Data extracted from a collection:
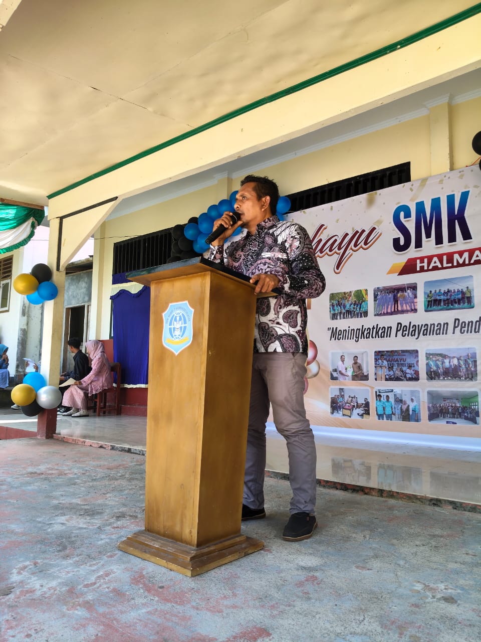 Kepala SMK Negeri 2 Halmahera Selatan yang juga menjabat sebagai Ketua PGRI Kecamatan Pulau Makian, Safrin Hamataher, S.Pd., M.Pd., dalam sambutannya menyampaikan rasa syukur atas perjalanan sekolah yang telah mencapai usia 21 tahun.
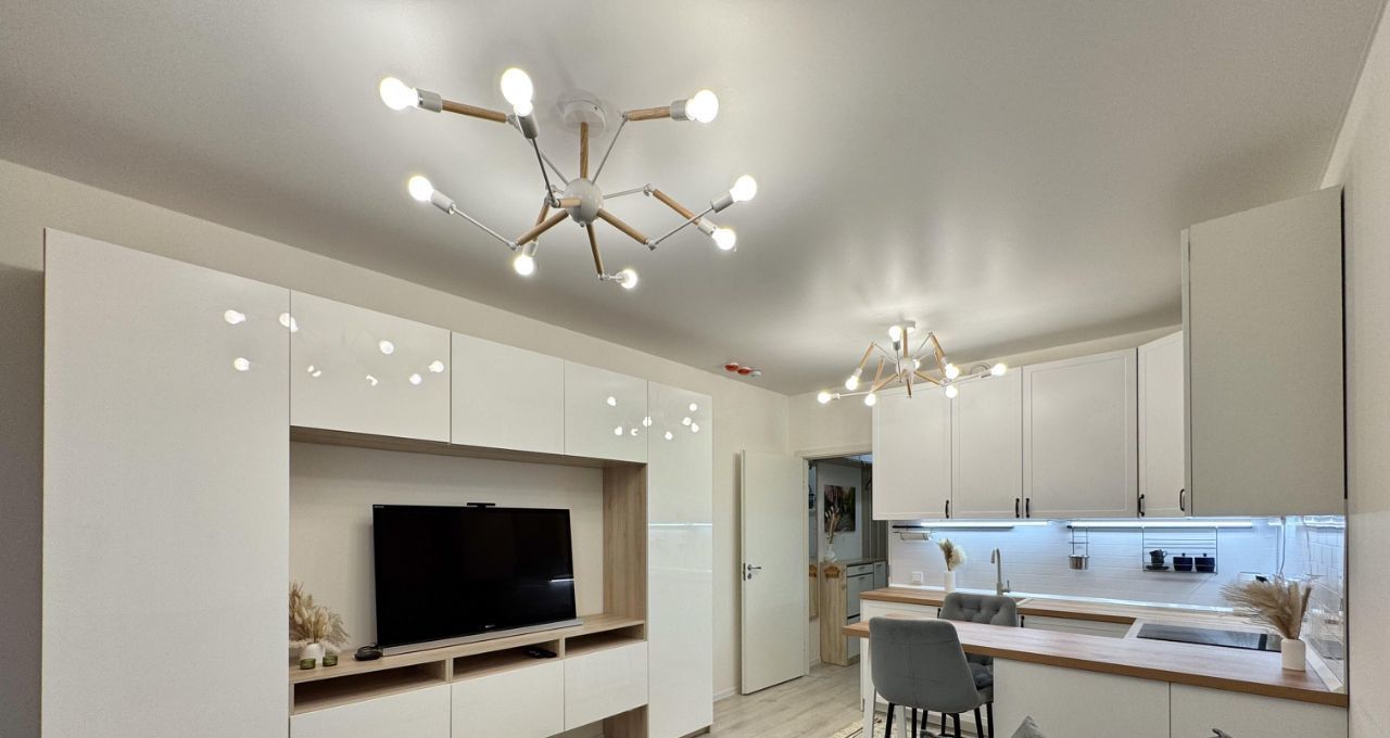 - Просторная комната прямоугольной формы (16.7 м²), которая удачно разделена на кухонную зону с полноценным кухонным гарнитуром, изготовленным на заказ, и спальную зону. Кухонный гарнитур оснащён встроенным холодильником, варочной панелью, духовым шкафом, вытяжкой - Вы сможете готовить без ограничений.
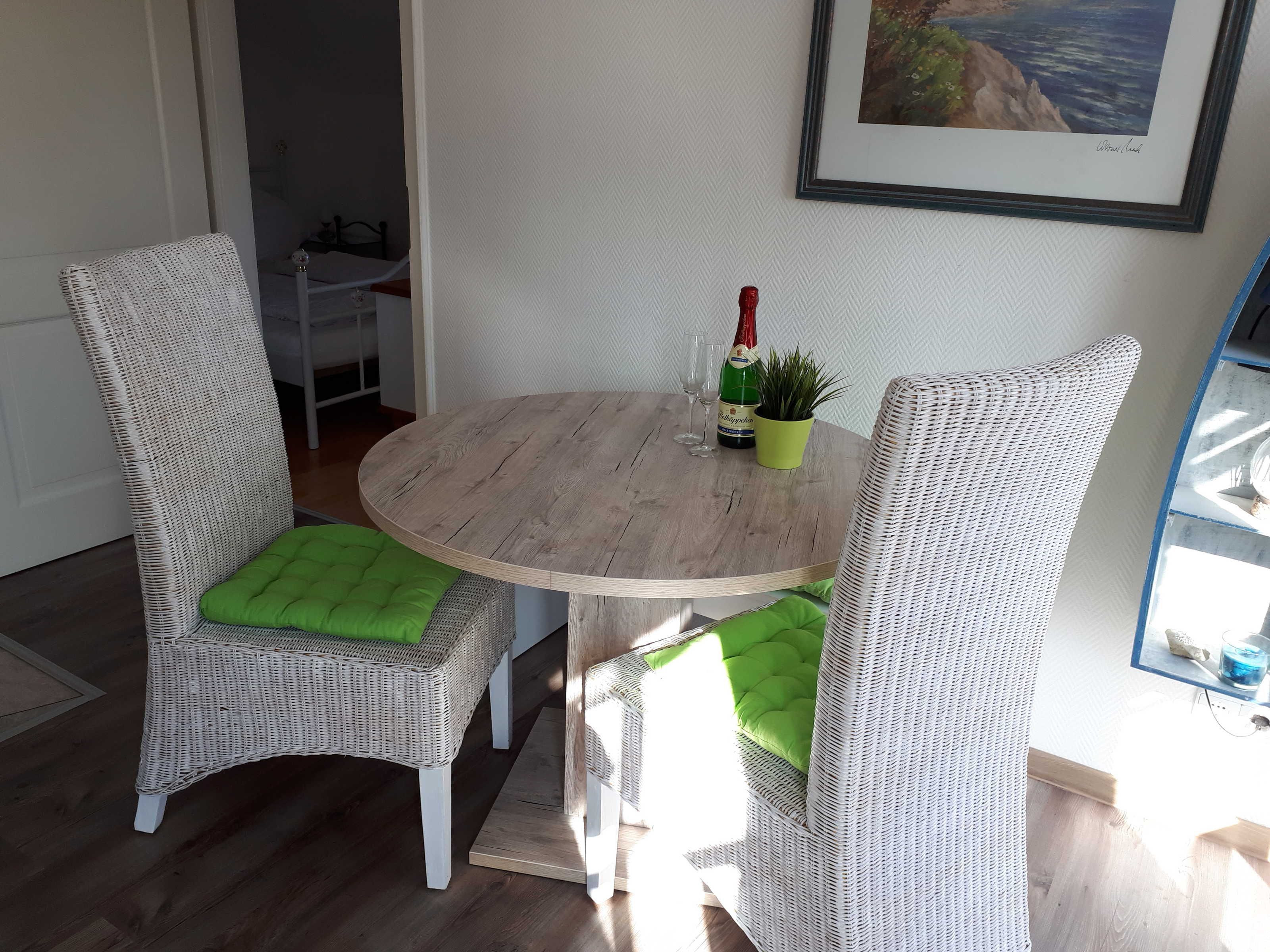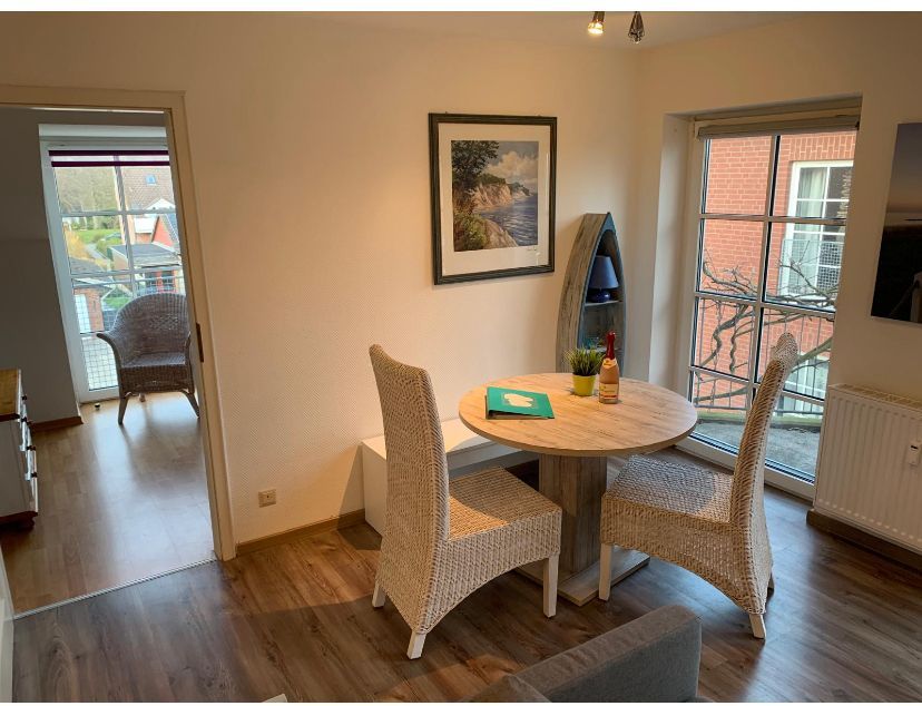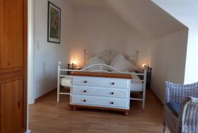 Die Ferienwohnung Krissi liegt in einer Sackgassenstraße und ist mit seinen 42 m² Wohnfläche für 2 Erwachsene und ein Kleinkind geeignet. Die Ferienwohnung befindet sich im 1. OG und verfügt über ein gemütliches Wohnzimmer, ein separates Schlafzimmer mit Doppelbett, eine Küchenzeile mit 2 Herdplatten und Geschirrspüler, Dusche/WC und einen möblierten Balkon. Vor dem Haus steht ein reservierter PKW-Stellplatz sowie ein reservierter Fahrradbügel zur Verfügung, außerdem gibt es einen kostenfreien WLAN-Anschluss in der Ferienwohnung Krissi.
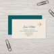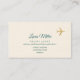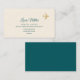 Une carte d'affaires élégante pour un agent de voyage... avec nom de script et petit avion en faux or (couleur ocher), imprimé sur l'arrière - plan crème à l'avant... couleur turquoise foncée à l'arrière.
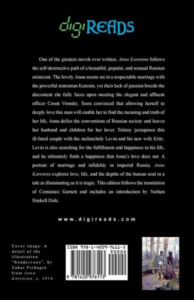 One of the greatest novels ever written, "Anna Karenina" follows the self-destructive path of a beautiful, popular, and sensual Russian aristocrat. The lovely Anna seems set in a respectable marriage with the powerful statesman Karenin, yet their lack of passion breeds the discontent she fully faces upon meeting the elegant and affluent officer Count Vronsky. Soon convinced that allowing herself to deeply love this man will enable her to find the meaning and truth of her life, Anna defies the conventions of Russian society and leaves her husband and children for her lover. Tolstoy juxtaposes this ill-fated couple with the melancholy Levin and his new wife Kitty. Levin is also searching for the fulfillment and happiness in his life, and he ultimately finds a happiness that Anna's love does not. A portrait of marriage and infidelity in imperial Russia, "Anna Karenina" explores love, life, and the depths of the human soul in a tale as illuminating as it is tragic. This edition is printed on premium acid-free paper, follows the translation of Constance Garnett, and includes an introduction by Nathan Haskell Dole.
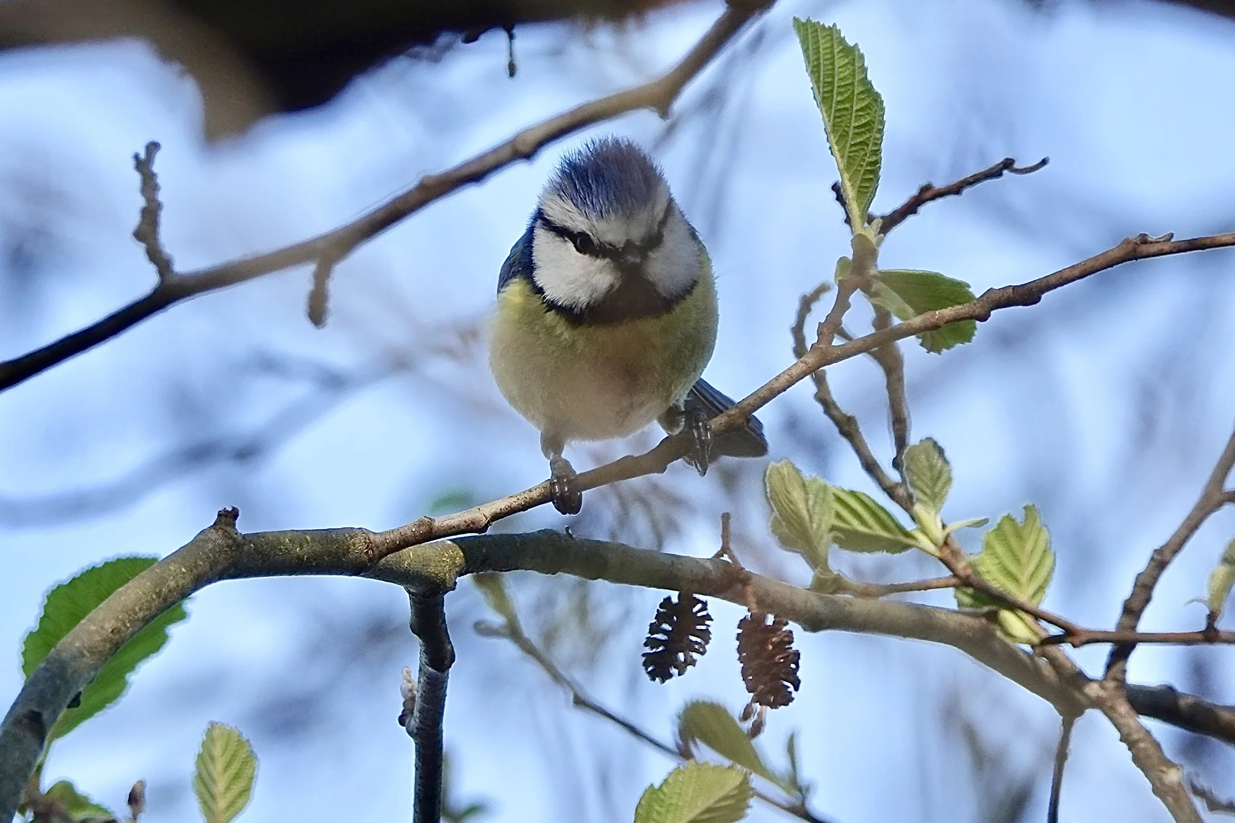 Blue Tit, Mimizan, France. He looks like he’s in a fighting mood. Copyright 2018-2019 by Pedals and Puffins.
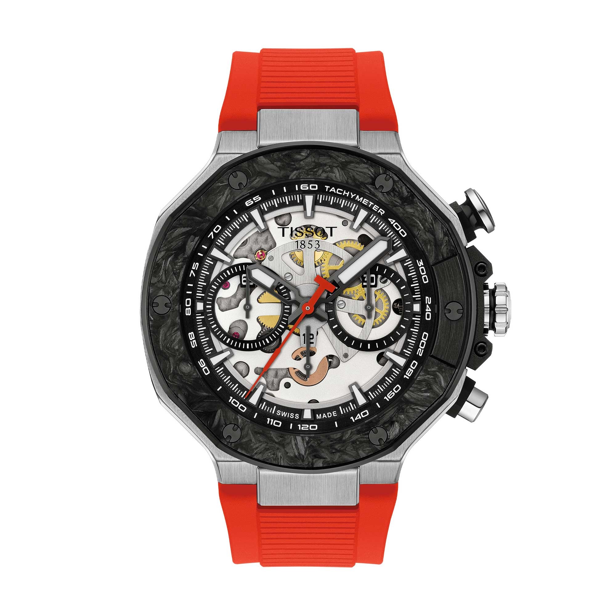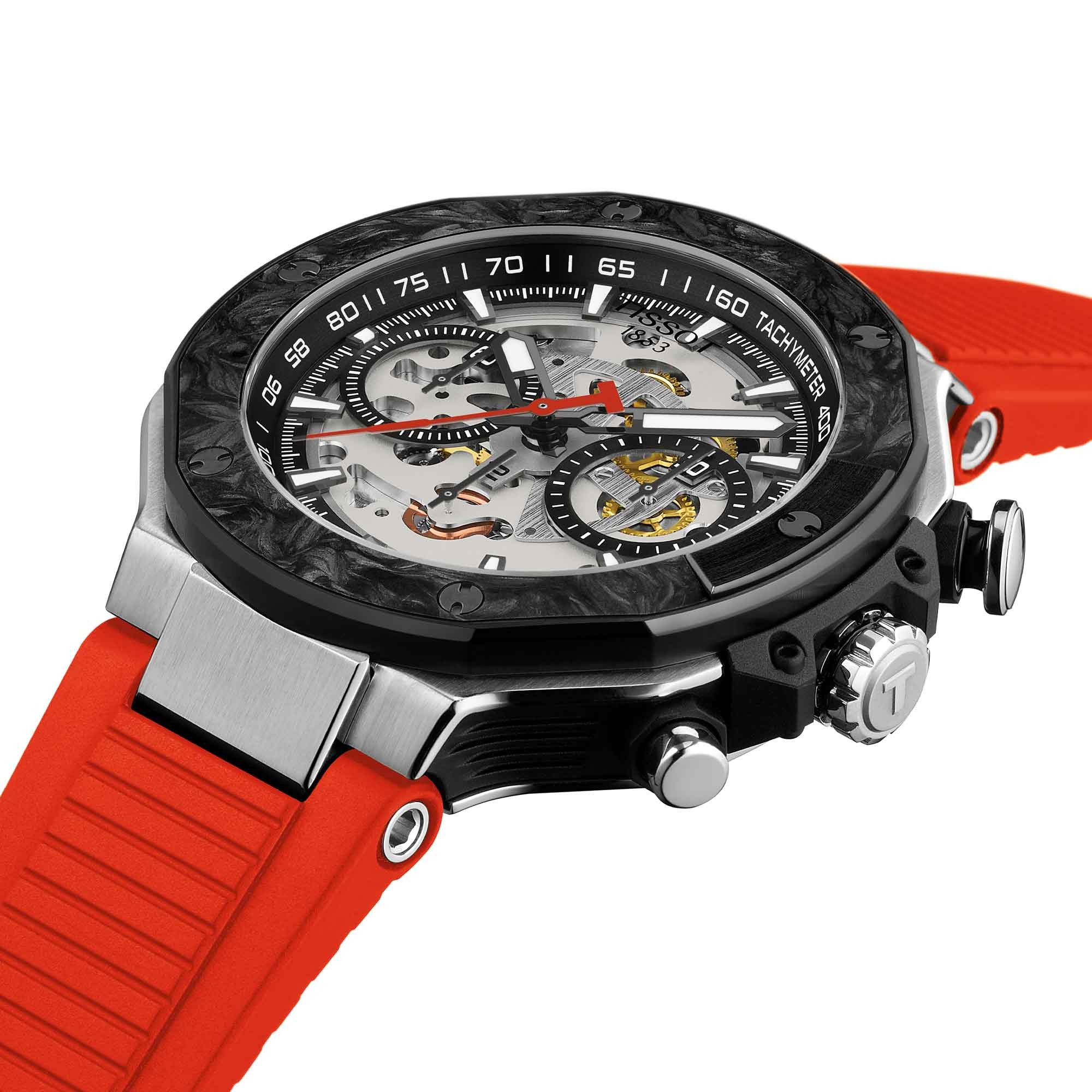 To celebrate over two decades of partnership with MotoGP™, the iconic T-Race collection inspired by racing bikes, expands in 2026 with new references, including this exclusive Automatic Valjoux Chronograph skeleton model.
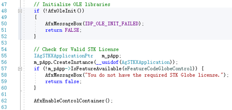 第54~60行是执行STK License检测,不过根据代码看m_pApp是局部变量,这个License检测应该不是应用运行所必须的,有待后面验证。
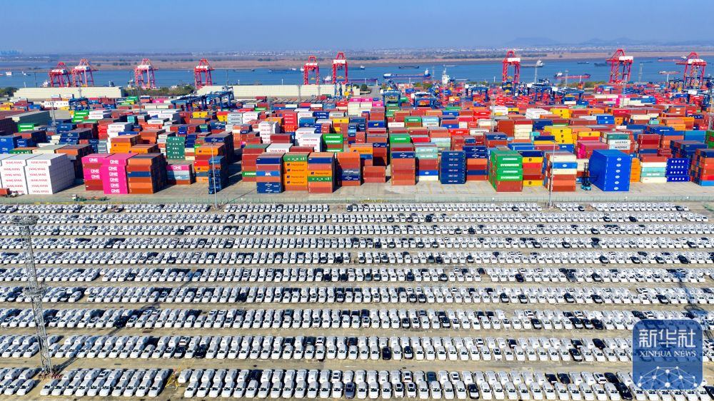 ↑ 12月14日在江蘇省港口集團(tuán)南京港龍?zhí)都b箱碼頭拍攝的等待裝船出口的國(guó)產(chǎn)汽車(無(wú)人機(jī)照片)。新華社發(fā)(楊素平攝)
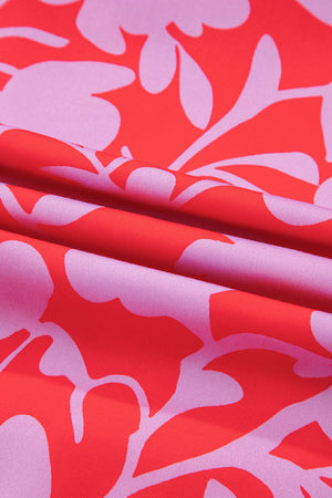 Red Floral Three Quarter Sleeves Ruffle Hem Mini Dress
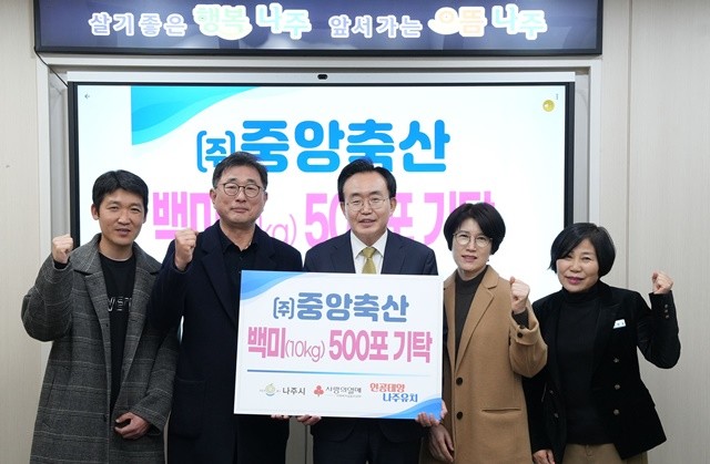 [위키트리 광주전남취재본부 노해섭 기자] 전남 나주시가 지역기업 ㈜중앙축산으로부터 사회복지시설과 취약계층을 위한 백미 500포 기탁을 받아 겨울철 생활안정을 위한 나눔 확산에 나섰다.
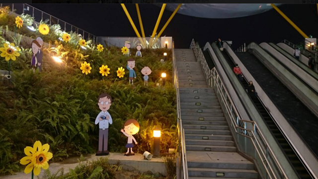 高捷公司與日本知名卡通角色「櫻桃小丸子」合作,在美麗島站打造「櫻桃小丸子主題車站」,除了將卡通中神社及公園場景搬到捷運站外,也推出了超多卡哇伊的商品。此外,高捷也為了這次的展覽,特地在中央公園站手扶梯旁種下向日葵花,小丸子與好朋友一起前來郊遊的超萌場景,吸引了許多遊客特地前來朝聖。高捷表示,白天、晚上各有不同風味,邀請大家一起來欣賞小丸子可愛模樣。

**ASSIGNED TASK:** Give every entry back unchanged, with no pictures.

**TASK OUTPUT:**
 Kepala SMK Negeri 2 Halmahera Selatan yang juga menjabat sebagai Ketua PGRI Kecamatan Pulau Makian, Safrin Hamataher, S.Pd., M.Pd., dalam sambutannya menyampaikan rasa syukur atas perjalanan sekolah yang telah mencapai usia 21 tahun.
 - Просторная комната прямоугольной формы (16.7 м²), которая удачно разделена на кухонную зону с полноценным кухонным гарнитуром, изготовленным на заказ, и спальную зону. Кухонный гарнитур оснащён встроенным холодильником, варочной панелью, духовым шкафом, вытяжкой - Вы сможете готовить без ограничений.
 Die Ferienwohnung Krissi liegt in einer Sackgassenstraße und ist mit seinen 42 m² Wohnfläche für 2 Erwachsene und ein Kleinkind geeignet. Die Ferienwohnung befindet sich im 1. OG und verfügt über ein gemütliches Wohnzimmer, ein separates Schlafzimmer mit Doppelbett, eine Küchenzeile mit 2 Herdplatten und Geschirrspüler, Dusche/WC und einen möblierten Balkon. Vor dem Haus steht ein reservierter PKW-Stellplatz sowie ein reservierter Fahrradbügel zur Verfügung, außerdem gibt es einen kostenfreien WLAN-Anschluss in der Ferienwohnung Krissi.
 Une carte d'affaires élégante pour un agent de voyage... avec nom de script et petit avion en faux or (couleur ocher), imprimé sur l'arrière - plan crème à l'avant... couleur turquoise foncée à l'arrière.
 One of the greatest novels ever written, "Anna Karenina" follows the self-destructive path of a beautiful, popular, and sensual Russian aristocrat. The lovely Anna seems set in a respectable marriage with the powerful statesman Karenin, yet their lack of passion breeds the discontent she fully faces upon meeting the elegant and affluent officer Count Vronsky. Soon convinced that allowing herself to deeply love this man will enable her to find the meaning and truth of her life, Anna defies the conventions of Russian society and leaves her husband and children for her lover. Tolstoy juxtaposes this ill-fated couple with the melancholy Levin and his new wife Kitty. Levin is also searching for the fulfillment and happiness in his life, and he ultimately finds a happiness that Anna's love does not. A portrait of marriage and infidelity in imperial Russia, "Anna Karenina" explores love, life, and the depths of the human soul in a tale as illuminating as it is tragic. This edition is printed on premium acid-free paper, follows the translation of Constance Garnett, and includes an introduction by Nathan Haskell Dole.
 Blue Tit, Mimizan, France. He looks like he’s in a fighting mood. Copyright 2018-2019 by Pedals and Puffins.
 To celebrate over two decades of partnership with MotoGP™, the iconic T-Race collection inspired by racing bikes, expands in 2026 with new references, including this exclusive Automatic Valjoux Chronograph skeleton model.
 第54~60行是执行STK License检测,不过根据代码看m_pApp是局部变量,这个License检测应该不是应用运行所必须的,有待后面验证。
 ↑ 12月14日在江蘇省港口集團(tuán)南京港龍?zhí)都b箱碼頭拍攝的等待裝船出口的國(guó)產(chǎn)汽車(無(wú)人機(jī)照片)。新華社發(fā)(楊素平攝)
 Red Floral Three Quarter Sleeves Ruffle Hem Mini Dress
 [위키트리 광주전남취재본부 노해섭 기자] 전남 나주시가 지역기업 ㈜중앙축산으로부터 사회복지시설과 취약계층을 위한 백미 500포 기탁을 받아 겨울철 생활안정을 위한 나눔 확산에 나섰다.
 高捷公司與日本知名卡通角色「櫻桃小丸子」合作,在美麗島站打造「櫻桃小丸子主題車站」,除了將卡通中神社及公園場景搬到捷運站外,也推出了超多卡哇伊的商品。此外,高捷也為了這次的展覽,特地在中央公園站手扶梯旁種下向日葵花,小丸子與好朋友一起前來郊遊的超萌場景,吸引了許多遊客特地前來朝聖。高捷表示,白天、晚上各有不同風味,邀請大家一起來欣賞小丸子可愛模樣。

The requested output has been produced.